--- Records Enclosed Below ---
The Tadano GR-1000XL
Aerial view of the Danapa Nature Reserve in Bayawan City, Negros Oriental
--- End of Enclosed Records ---
--- Records Enclosed Below ---
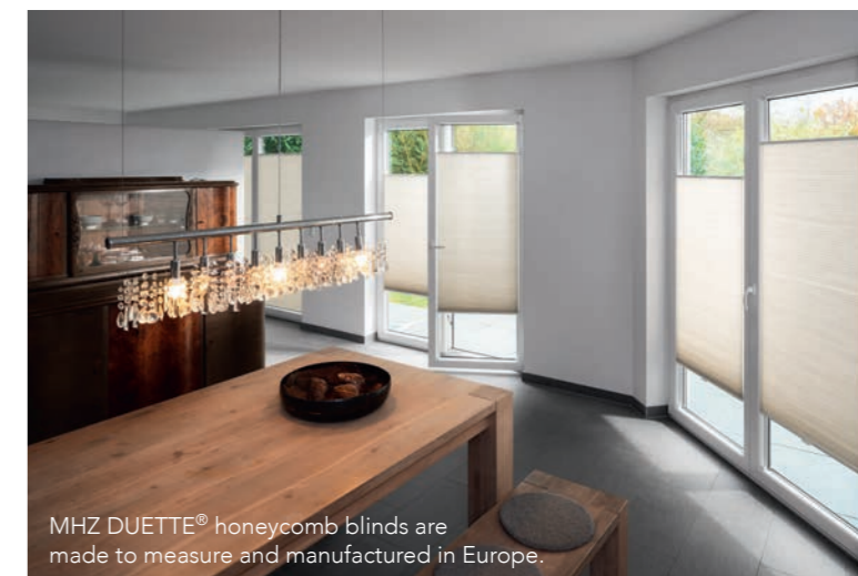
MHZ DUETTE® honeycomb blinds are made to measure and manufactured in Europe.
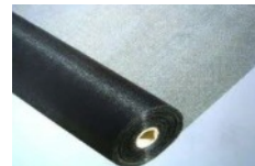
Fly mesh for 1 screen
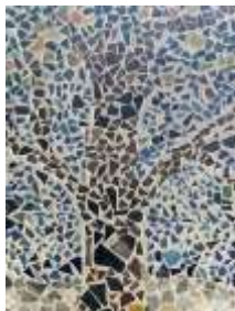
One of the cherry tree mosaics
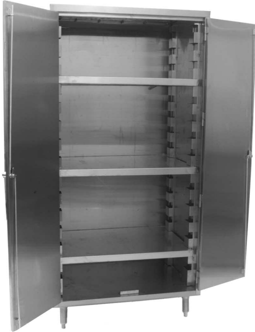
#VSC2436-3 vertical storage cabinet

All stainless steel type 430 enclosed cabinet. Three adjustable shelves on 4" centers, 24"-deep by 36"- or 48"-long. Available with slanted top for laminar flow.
--- End of Enclosed Records ---
--- Records Enclosed Below ---
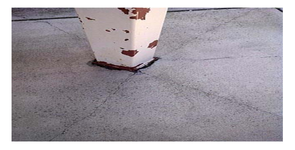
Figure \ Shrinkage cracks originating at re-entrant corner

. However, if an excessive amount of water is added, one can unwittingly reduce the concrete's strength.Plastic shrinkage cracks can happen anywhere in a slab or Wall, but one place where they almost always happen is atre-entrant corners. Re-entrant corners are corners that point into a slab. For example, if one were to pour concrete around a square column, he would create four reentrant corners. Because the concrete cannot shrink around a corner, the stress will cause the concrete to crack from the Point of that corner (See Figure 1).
--- End of Enclosed Records ---
> Goal of the exercise
Pictures excluded, transcribe the listing above exactly from the line with "One of the cherry tree mosaics" through the line with "All stainless steel", and no further.

> Exercise result
One of the cherry tree mosaics
#VSC2436-3 vertical storage cabinet

All stainless steel type 430 enclosed cabinet. Three adjustable shelves on 4" centers, 24"-deep by 36"- or 48"-long. Available with slanted top for laminar flow.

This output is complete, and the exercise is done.